Wednesday, July 20, 2011

'Hackers' held in US and Europe

Police in the US, Britain and the Netherlands have detained more than 20 people as part of an investigation into major cyber attacks.

Most of the arrests were in the US, where the FBI said 16 people had been held for alleged computer hacking.

Fourteen of them were suspected of an online attack on PayPal, claimed by hacking group Anonymous, said the FBI.

In Britain, a teenager was arrested in London, while four other suspects were detained by police in the Netherlands.

Wikileaks 'revenge'

The US indictment against 14 of those arrested on suspicion of December's attack on PayPal said it had been "retribution" for the site closing a donation account for the whistleblowing website Wikileaks.

The PayPal attack suspects were arrested in Alabama, Arizona, California, Colorado, Washington DC, Florida, Massachusetts, Nevada, New Mexico and Ohio, US officials said in a statement.

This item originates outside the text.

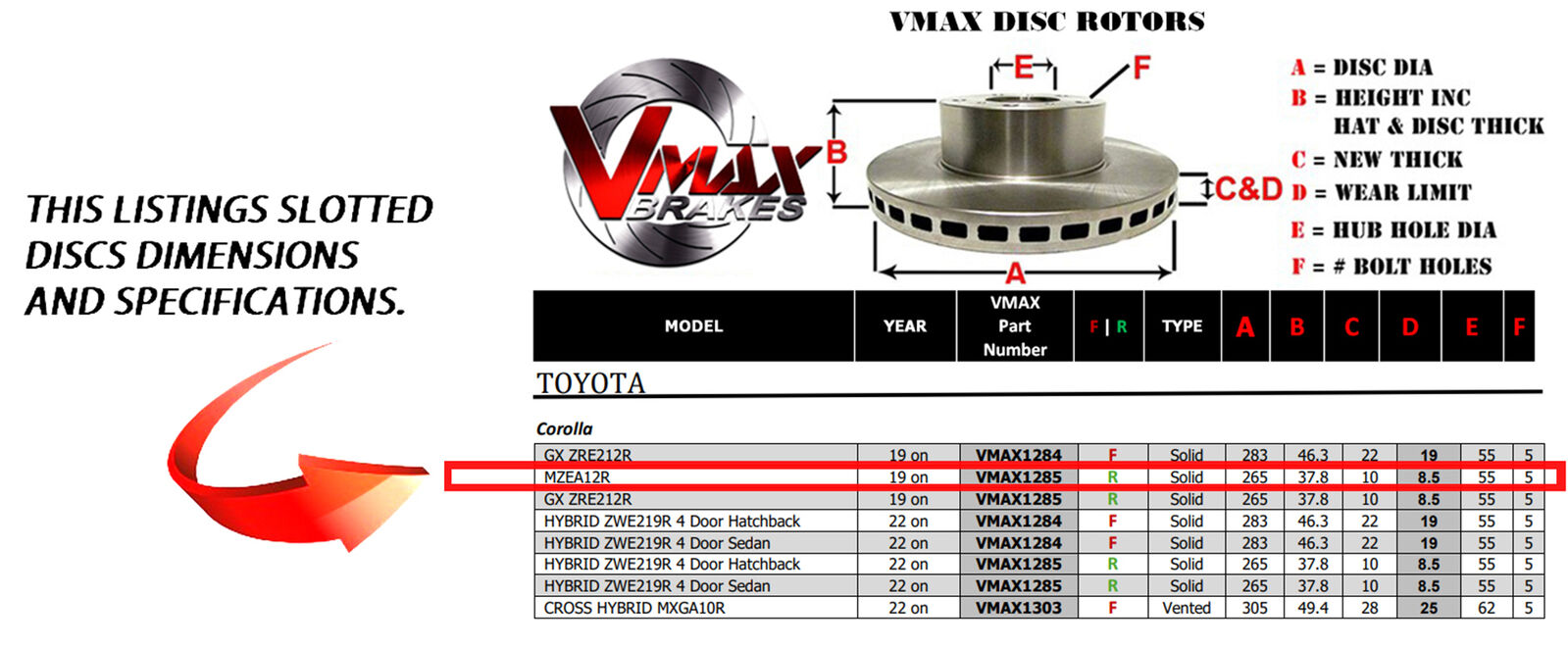 This sale is for a new pair (2 disc rotors) of Genuine VMAX Dimple Drilled & Slotted Performance Rear disc brake rotors and a matching Front set of brake pads to suit TOYOTA Corolla MZEA12R models built 2019 Onwards and are a direct replacement item.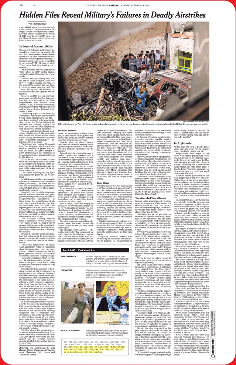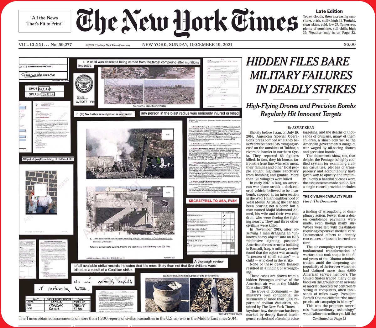 كشفت صحيفة نيويورك تايمز عن وثائق حصلت عليها من البنتاجون الأمريكي تظهر جانبا مظلما من حروب #الولايات_المتحدة الجوية في الشرق الأوسط منذ عام 2014 توثق عمليات قتل لآلاف المدنيين، تقول أنها عمليات استخباراتية فاشلة !!

The other two US suspects were held under separate indictments but similar charges in Florida and New Jersey.

In the UK, Scotland Yard told the BBC that it had arrested a 16-year-old boy in south London on suspicion of breaching the Computer Misuse Act 1990.

"The Metropolitan Police is liaising with the FBI and indeed with our Dutch colleagues," a Scotland Yard spokesman said.

As well as attacking PayPal, Anonymous also temporarily shut down MasterCard and Visa last December, after they froze Wikileaks accounts.

Anonymous targeted Amazon, too, after it removed Wikileaks content from one of its servers, but that attack was not successful.

The hacking group has used a technique known as a distributed denial of service (DDoS) in an attempt to take the sites offline.

DDoS attacks bombard a website with data until it cannot respond, rendering it inaccessible.

Anonymous rose to fame with a series of attacks on websites linked to the Church of Scientology and Gene Simmons, bassist with the rock group Kiss.